The hematological examination of blood and the biochemical examination of plasma did not reveal any conclusive effect of treatment and there was no effect upon circulating levels of thyroxine (T4) in adult males.

 

Macroscopic findings were limited to green content, representing the colour of the test item, seen in the caecum, colon, ileum, jejunum, rectum and stomach in treated animals with a dose dependent increase in incidence and green colour of the stomach seen in treated animals with a dose dependent increase in incidence. Histopathological findings in the full range of tissues examined were considered to be unrelated to treatment. Organ weights were considered unaffected by treatment.

 

Applicant’s Discussion

A review of findings following conduct of an OECD 422 study with Macrolex Grün G in Sprague-Dawley rats at dose levels of 100, 300 or 1000 mg/kg/day allows the clear conclusion to be reached of no adverse outomes.
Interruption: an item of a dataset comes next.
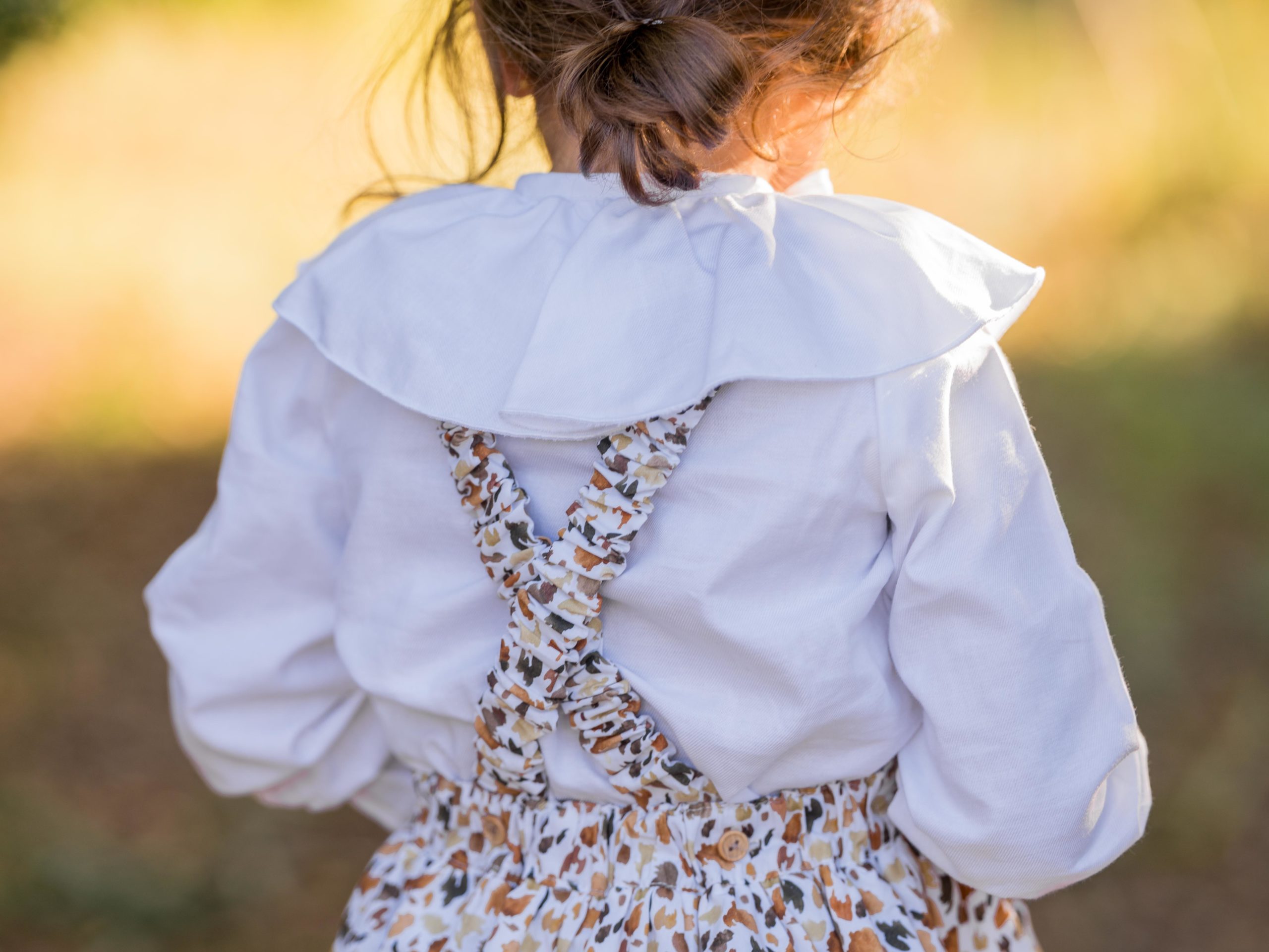 Camisa capa en tejido de viyela blanca con cuello muy especial, será la delicia del armario de tu peque ya que le dará el toque a todos los petos, faldas y demás.. con cuello capa con terminación en lazada.

For those parameters in which effects were observed, namely bodyweight gain changes, thymus weight, and kidney mineralisation, none may be considered as clearly treatment-related. Bodyweight gain changes were transient in nature and without any clear indications of associated adversity. Changes in the weight of thymus lacked a clear dose-response in female animals, were not significant in either sex, and were without microscopic correlate following histopathological exam. As such, they are not considered to be a treatment-related adverse effect. Furthermore, mineralisation described in the kidney was considered to be incidental following review of historical control data. Finally, the colour changes described during gross pathological evaluation are clearly relatable to the passage of Macrolex Grün G through the gastrointestinal tract, alongside staining of the tail which is very likely to be due to contamination from fecal matter. There is no supporting evidence from this or any other study findings to indicate that the test item was absorbed.

Endpoint conclusion

Endpoint conclusion:

no adverse effect observed

Dose descriptor:

NOAEL

1 000 mg/kg bw/day

Study duration:

subacute

Species:

rat

Quality of whole database:

The study is GLP-compliant and of high quality (Klimisch score = 1)
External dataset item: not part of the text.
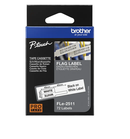 Wymiarowe flagi Brother FLe-2511 45mmx21mm 72 flagi biała taśma czarny nadruk oryginalna

Repeated dose toxicity: inhalation - systemic effects

Endpoint conclusion

Endpoint conclusion:

no study available

Repeated dose toxicity: inhalation - local effects

Endpoint conclusion

Endpoint conclusion:

no study available

Repeated dose toxicity: dermal - systemic effects

Endpoint conclusion

Endpoint conclusion:

no study available

Repeated dose toxicity: dermal - local effects

Endpoint conclusion

Endpoint conclusion:

no study available

Additional information

In an OECD guideline 422 study (Combined Repeated Dose Toxicity Study and Reproductive/ Developmental Toxicity Screening Study in the Crl:CD(SD) Rat by Oral Gavage Administration) Solvent Green 28 (CAS 4851-50-7) was administered to three groups of ten male and ten female rats by oral gavage administration, for approximately 6 weeks (males) and up to eight weeks (females) (including a two week pre-pairing phase, pairing, gestation and early lactation for females), at dose levels of 100, 300 and 1000 mg/kg bw/day.  A similarly constituted control group received the vehicle, corn oil, at the same volume dose as the treated groups.

The no-observed adverse-effect level (NOAEL) of Solvent Green 28 for systemic toxicity was considered to be 1000 mg/kg/day and the no-observed adverse-effect level (NOAEL) of Solvent Green 28 for reproductive/developmental toxicity was also considered to be 1000 mg/kg/day.

Justification for classification or non-classification

Harmonised classification:

The substance has no harmonised classification according to the Regulation (EC) No. 1272/2008 (CLP). 

 

Self-classification:

In a subacute study with Solvent Green 28 (CAS 4851-50-7) a NOAEL of 1000 mg/kg bw/day was found for male and female rats. 

According to CLP classification criteria (Regulation (EC) No 1272/2008) a classification is not justified.